Summary: 80,000 Hours Podcast — Jan Leike on Superalignment

Overview

In episode #159 of the 80,000 Hours Podcast, Jan Leike — then head of alignment at OpenAI and co-leader of the superalignment project — details OpenAI’s ambitious plan to solve the alignment problem for superintelligent AI systems. OpenAI committed 20% of its compute resources to this goal within a four-year timeframe. Leike explains the technical research agenda, why he believes alignment is tractable, and the specific risks that make the problem urgent.

The Superalignment Project

OpenAI’s Superalignment project represents one of the largest institutional commitments to alignment research. Its core strategy is to automate alignment research using AI itself — building AI systems that can help solve the alignment problem for even more powerful successors. The project focuses on three technical pillars:

1. Mechanistic Interpretability

Understanding the internal workings of neural networks — what individual neurons and circuits do, how information flows through models, and why models make specific decisions. This is essential for verifying that a system is genuinely aligned rather than merely appearing aligned.

2. Generalization

Ensuring that alignment properties learned during training transfer reliably to new situations. A model that behaves well on training data but unpredictably on novel inputs is not truly aligned, even if it passes all existing evaluations.

3. Scalable Oversight

Developing methods for humans (possibly assisted by AI) to effectively supervise systems that are more capable than any individual human. This connects directly to paul-christiano’s work on iterative-amplification and is perhaps the most fundamental challenge: how do you evaluate the quality of work done by something smarter than you?

Why Alignment Is Tractable

Leike expresses cautious optimism about alignment, arguing that several recent developments are favorable:

  • Large language models understand natural language — This is enormously helpful because it means AI systems can comprehend human instructions, values, and feedback in the same medium humans use to communicate. Compared to earlier paradigms (where translating human intent into machine-readable objectives was a major bottleneck), LLMs provide a much more natural interface.

  • LLMs “know so much about humans” — Having been trained on vast quantities of human text, language models have extensive implicit knowledge of human values, norms, and expectations, which provides a foundation for alignment.

  • Alignment is scientifically interesting — Leike argues this is important because it means talented researchers are attracted to the field, and the problems are intellectually rich enough to sustain long-term research programs.

RLHF Limitations

A critical point in the episode is that current alignment techniques, particularly Reinforcement Learning from Human Feedback (RLHF), are insufficient for superintelligent AI. The core problem: a superintelligent system “could think of all kinds of ways to subtly subvert us, or try to deceive us or lie to us in a way that is really difficult for us to check.”

RLHF works when human evaluators can reliably assess whether model outputs are good. But with sufficiently capable systems, the model may produce outputs that look excellent to human evaluators while actually pursuing misaligned objectives. The evaluators would not be able to tell the difference — this is the fundamental scalable-oversight challenge.

Automating Alignment Research

The Superalignment project’s ultimate goal is to reach a point where AI systems can productively contribute to alignment research itself. Leike is careful to distinguish this from simply training “super-smart ML researchers” — the goal is specifically to build systems that can help with the alignment problem, not just general AI capability research.

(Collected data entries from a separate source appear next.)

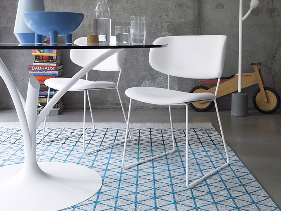 CLAIRE M chair with metal frame and upholstered seat/backrest. Sled base and wide backrest. The CLAIRE M sled chair is characterised by a large seat and a contoured backrest that are slightly upholstered to ensure maximum comfort. Real leather cover. The chair is also fitted with four plastic shockproof, neutral coloured feet, positioned under the sled base. The colour coated metal frame, in matching colour with the upholstery, enhances the lightness and graceful lines of this chair that is perfectly suitable for today’s living spaces.
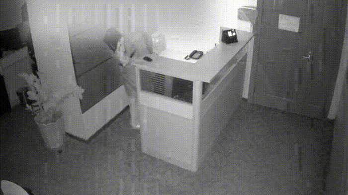视频显示,办公室门被用力撞开,一名背着双肩包的男子进入室内,该人举着手电筒四处翻找,桌面、抽屉、柜子……得手后,将笔记本电脑放进双肩包内,随后离开现场。
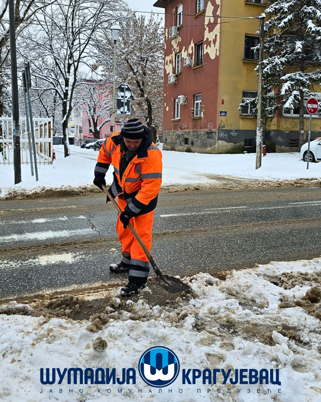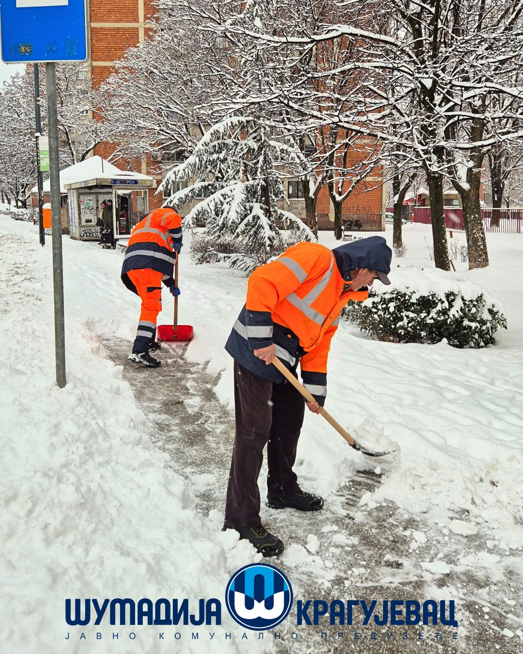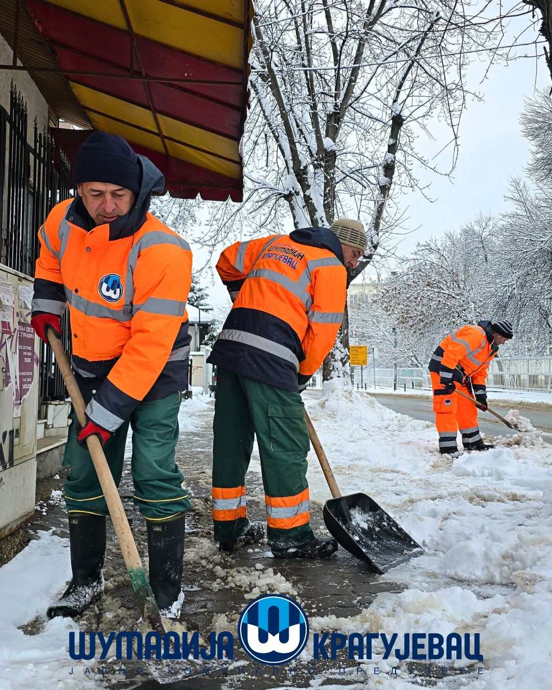 Zimska služba JKP Šumadija Kragujevac tokom noći i jutra angažovana je na obezbeđivanju prohodnosti saobraćajnica na gradskom i seoskom području, kao i na uklanjanju snega sa trotoara, nadvožnjaka, mostova i pešačkih staza.
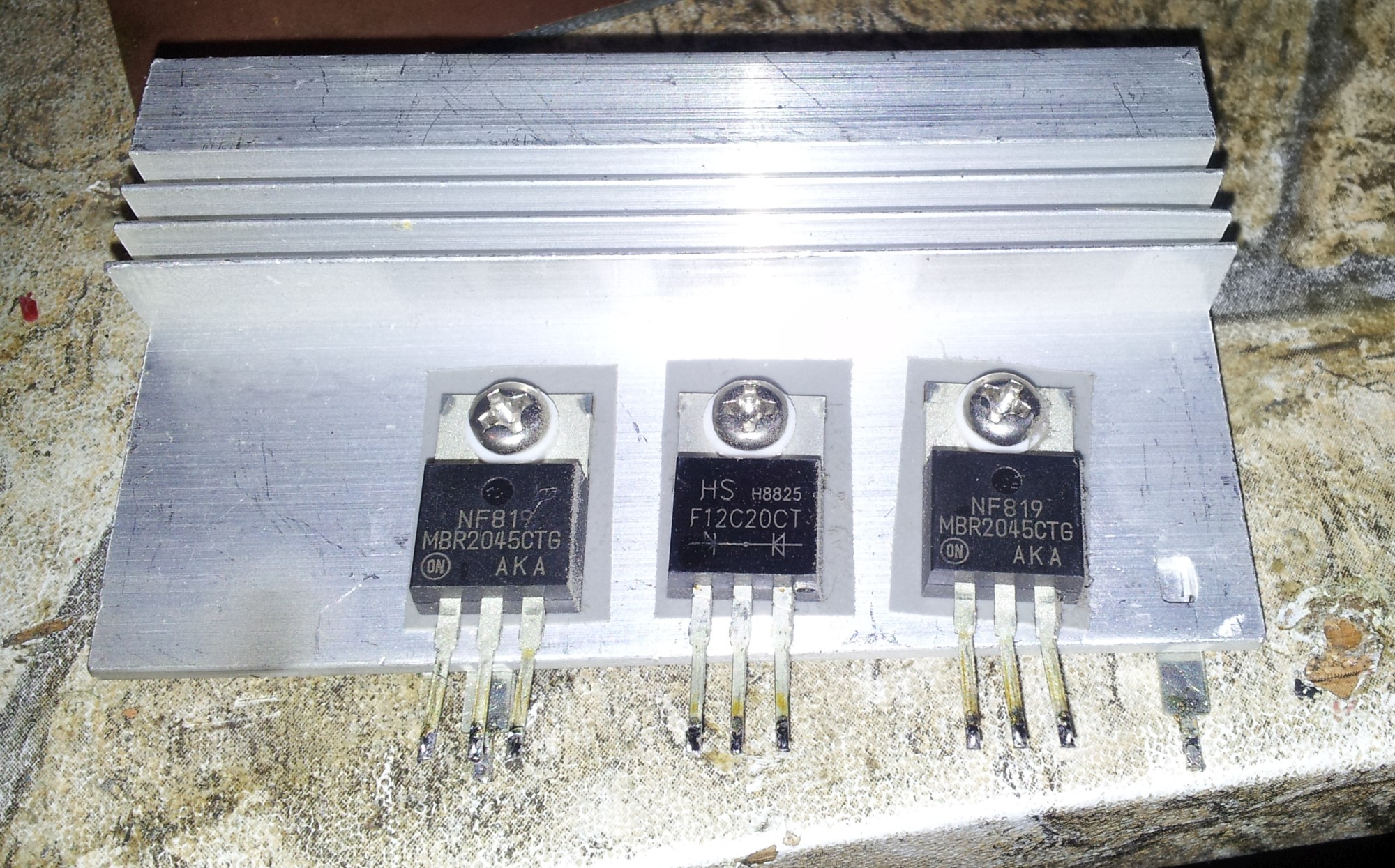 Exactly. I did actually test it like that and one of the MBR2045s failed short after a few hours. They were replaced with one 20100 and one 3060 in parallel. With 50A worth of diodes, this isn't gonna have 12v capacity problems, ever.
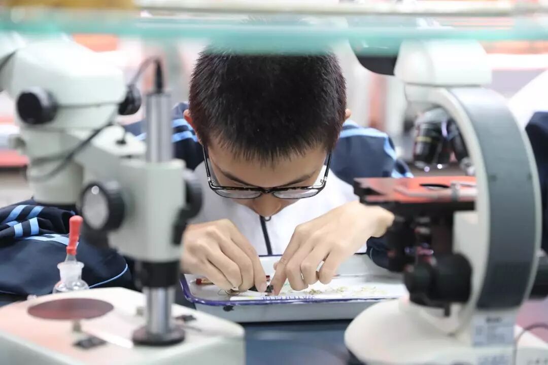 多项生物趣味实验让同学们零距离接触象征着吉祥圣洁的百合花,心脏位于身体背部的大虾,没有雌雄之分的蚯蚓,能给人类提供21世纪最后营养珍宝-甲壳素的蝗虫,在学生们的蜡盘里生物尽显其结构之序理,在显微镜下尽显生命之精细,原来生命可以更美的。
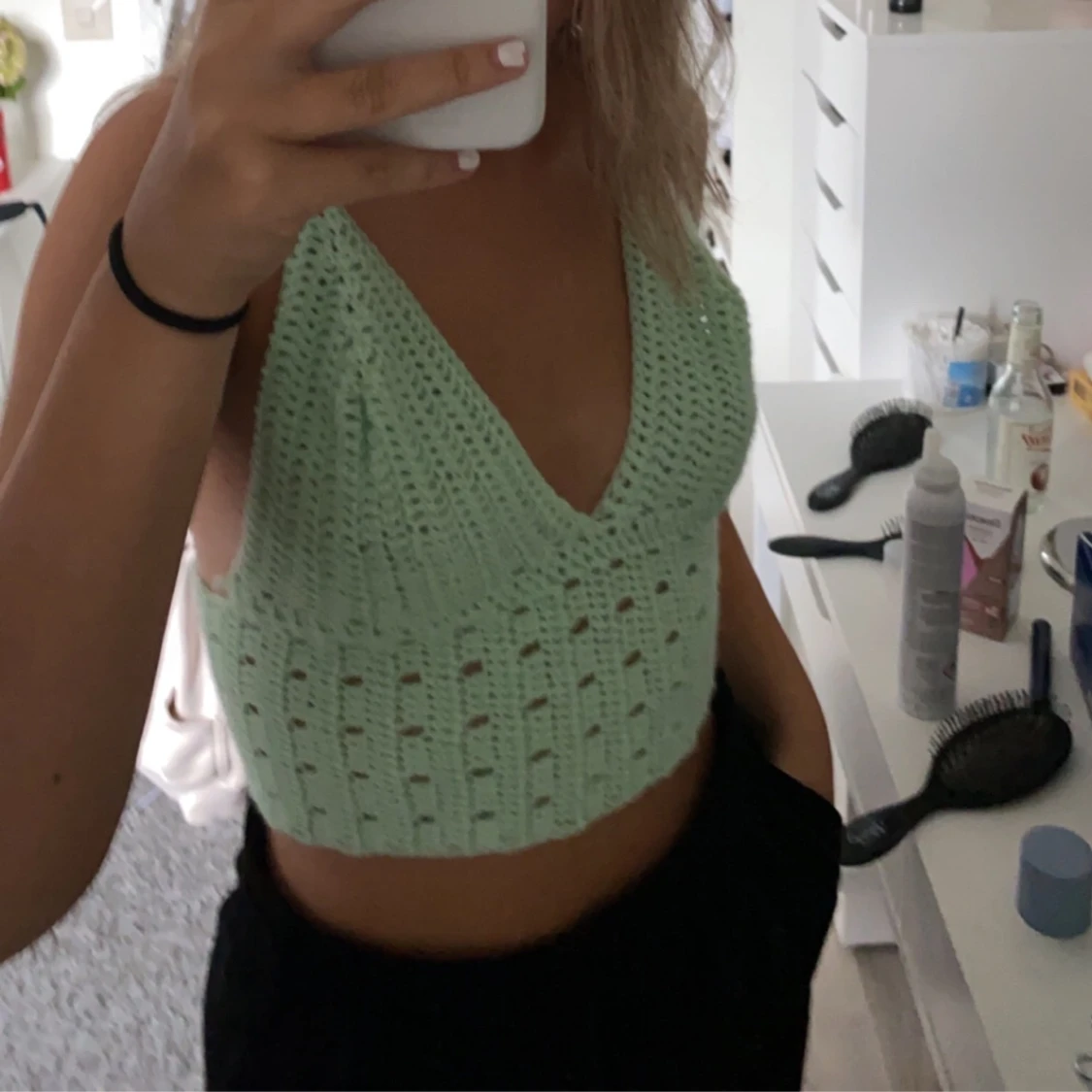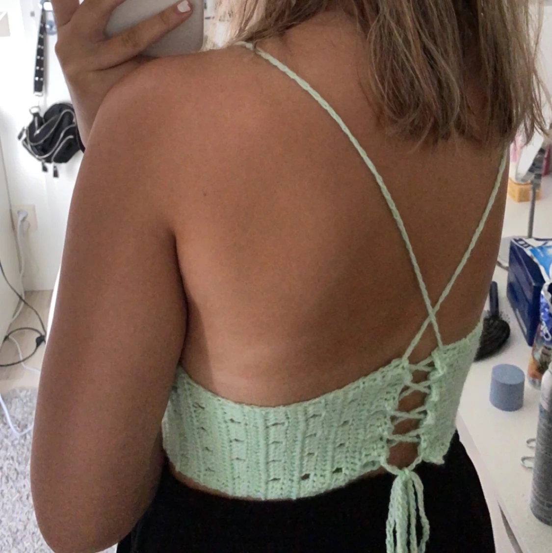 Topp som jag själv virkat. Den har justerbar rygg så passar storlek xs-m. 200kr + frakt

This creates an interesting bootstrapping challenge: you need somewhat aligned AI to help build more aligned AI. The project’s bet is that current AI systems are good enough (and aligned enough) to provide useful assistance on alignment research, even though they are not yet fully trustworthy.

Significance

This episode captures a pivotal moment in AI safety history: the announcement and early execution of the largest institutional alignment research effort to date. The Superalignment project’s subsequent trajectory — including Leike’s eventual departure from OpenAI — makes this episode valuable as both a technical overview and a historical document.

The three-pillar research agenda (interpretability, generalization, scalable oversight) continues to define the field’s major research directions, and the question of whether AI can be used to solve its own alignment problem remains central to every major safety strategy.